Particularly (though not only) when another court has already issued a contrary pronouncement on the same question, issuing a nationwide injunction causes substantial interference with the power of other courts, and with the process of helping frame issues that might ultimately be taken up by the Supreme Court.
A related problem is that nationwide injunctions under such circumstances also encourage what lawyers call “forum shopping”—that is, picking a particular place to sue not because of the convenience of the parties or the location of the witnesses or evidence (which are legitimate factors for choosing a particular venue), but because of a predicted outcome. And, that indeed seems to be what is going on in this case. Most of the fifteen plaintiffs in the Texas case are states or government agencies located in states outside of Texas. And, even more importantly, most of the plaintiffs are located in jurisdictions where there is existing law contrary to their position. As one of the amicus briefs filed in the case puts it: “Plaintiffs Alabama, Arizona Department of Education, Georgia, Huber-Overgaard Unified School District, Kentucky, Tennessee, and West Virginia would lose this lawsuit if they filed it in their home states or anywhere in the federal circuits whose law governs them.” Indeed one of the plaintiffs—West Virginia—is in the Fourth Circuit, which, as noted above, has already issued a contrary order on the precise question presented to the Texas district court. And West Virginia made the very same arguments to the Texas court that it unsuccessfully made to as an amicus in the Fourth Circuit. Giving plaintiffs an incentive and opportunity to have multiple bites at the apple like this would not promote efficiency or fairness.
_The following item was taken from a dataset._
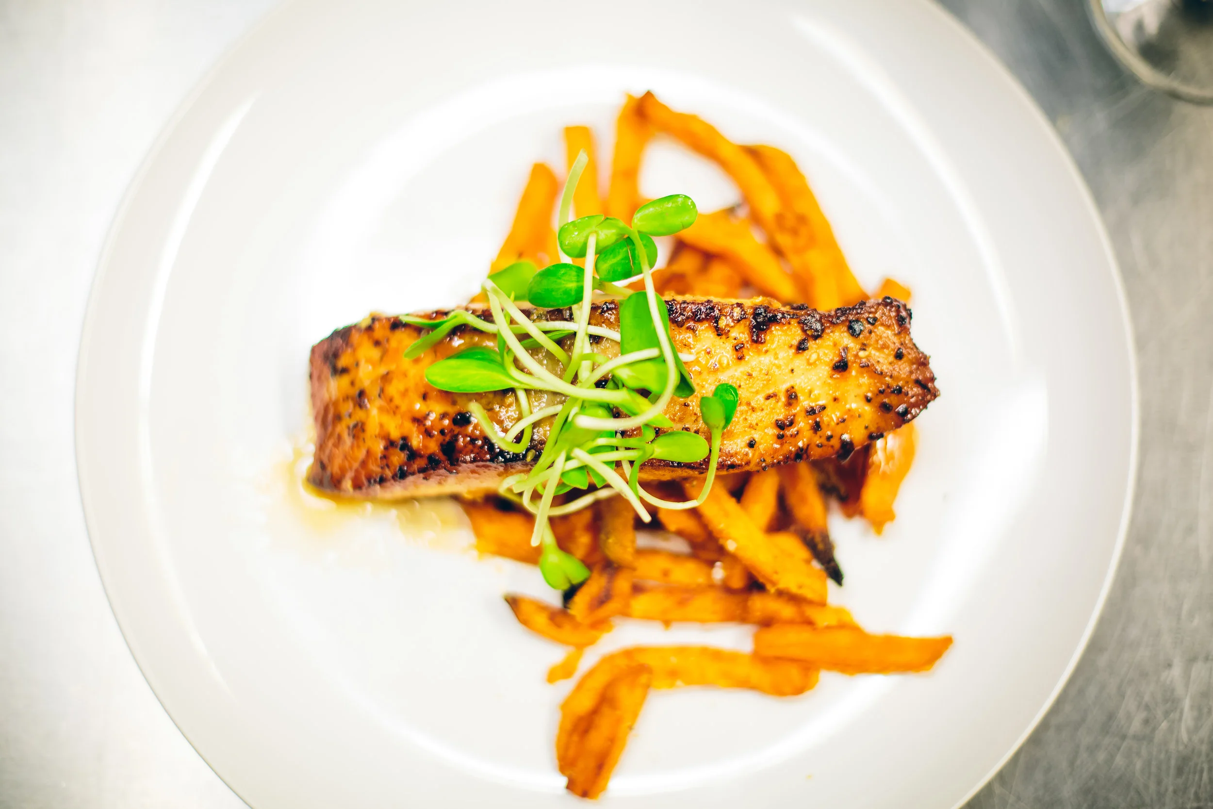 Next, we were served a sweet and spicy sriracha glazed salmon with sweet potato fries. I think this dish was my favorite dish of the evening. I really enjoyed the flavor of the glaze and the salmon was cooked PERFECTLY. It wasn’t dry at all and the portion was great. I would’ve never thought to pair it with sweet potato fries, but surprisingly it went exceptionally well together! Along with the salmon, we were also served a vegetable stir fry. This was the last dish. It’s always nice to end a meal with a light, tasty and healthy option!

In its 38-page opinion, the Texas federal court discusses the propriety of nationwide relief in just a sentence or two, and cites only one case—a Supreme Court case in which nationwide relief was upheld, but where there was a class action that had been certified in which the plaintiff class was itself nationwide, and where the lower courts had been careful not to allow their injunctions to affect other pending or likely litigations. In short, the district court gave no reasons or analysis to justify its presumptively overbroad relief.
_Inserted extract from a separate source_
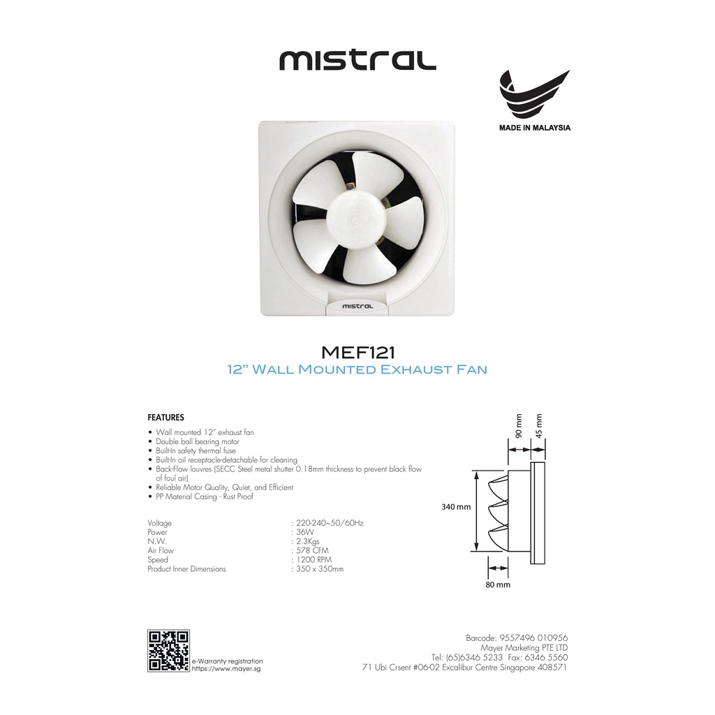 Mistral MEF121 Wall Mounted Exhaust Fan 12 Inch

For the record, we should note that one of us, Dean Amar, has in other commentary (including here and here) questioned an overly broad injunction that obtained a liberal result (as contrasted with the conservative result reached by the Texas district court case). In the prior instance, a few same-sex couples sued California officials to obtain marriage licenses even though state law, California Proposition 8, limited marriage in California to a union between a man and a woman. The district court judge, Vaughn Walker, issued what on its face appeared to be a statewide ban on California officials applying Proposition 8 to any same-sex couples, not just the plaintiffs before him. Dean Amar argued (relying on the legal principles discussed above) that, absent class action certification (which might have been plausible but which wasn’t sought), the district court’s remedy should have been limited to the plaintiffs in the case.
We mention this because procedural rules, by definition, are supposed to be trans-substantive, and when they seem result-oriented (as they did here in Texas given the absence of analysis and care offered by the district court), cynicism about the judicial system is the result.